The issue of the sad history of Palestine also remains unresolved.


Now, after more than six decades of strife, resistance, internal developments, and foreign influence, a new peace process is being discussed.


Although the Camp David agreement was introduced to the people of Palestine and Arab countries many years ago, up to now, the Palestinian nation has never been given the chance to make decisions for themselves.


As a result of covert and overt meetings between the various sides involved in the Palestine issue, eventually, in the late 1980s and early 1990s, the two main sides -– the Palestinians and the Israelis -- agreed to a start new course that was later called the Middle East peace process.


However, despite all the intense efforts of Arab and European states, the Middle East peace process did not last long and it was declared dead when the second Intifada began in the year 2000.


There is one important question for everyone interested in the Palestine issue.

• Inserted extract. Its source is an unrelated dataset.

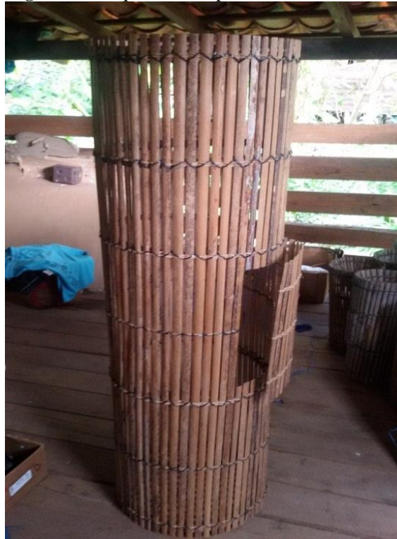
Figura 5 - Pesquisa de campo, Viveiro

Why was peace not established in Palestine, despite all the diplomatic efforts, forcing the Palestinians to adopt another approach to obtain their inalienable rights after ten years?


Now the international community’s attention is focused on the Annapolis Conference, which seems to have all the characteristics of the previous “peace” gatherings, since many of the factors influencing this longstanding issue have not changed.

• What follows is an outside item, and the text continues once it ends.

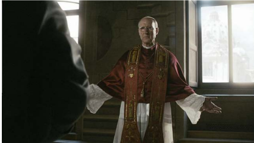
Kuva 7 ( Under the Roman Sky )

More surprisingly, despite the fact that there has been no change in the demands, policies, views, and all the other issues affecting the Palestine question, some people are now talking about the prospect of settling problems that have been festering for 60 years.


Though it seems too early to make judgments about the outcome of the Annapolis meeting, experience shows that all these conferences and all the regional and international shuttle diplomacy have failed to restore the legitimate rights of the Palestinians because none of the individuals, governments, and international organizations involved in the issue have ever been able to comprehend the real demands of the Palestinian nation.


People remember well the Oslo Accords and the Sharm el-Sheikh, Wye River, and Camp David conferences, which were all arranged to resolve the Palestinian question, and the fact that none of the proposals made at these gatherings were ever implemented.


Many nations and governments have made great endeavors to improve the bitter situation of the Palestinians, but all these efforts have gone nowhere.


In other words, the outstanding questions, such as those pertaining to Palestine’s territorial integrity, the final status of East Beit-ul-Moqaddas (East Jerusalem), and the fate of refugees and prisoners, have been raised repeatedly, but each time no proper answer has been provided. Thus, one cannot have much hope about such diplomatic talks and international conferences.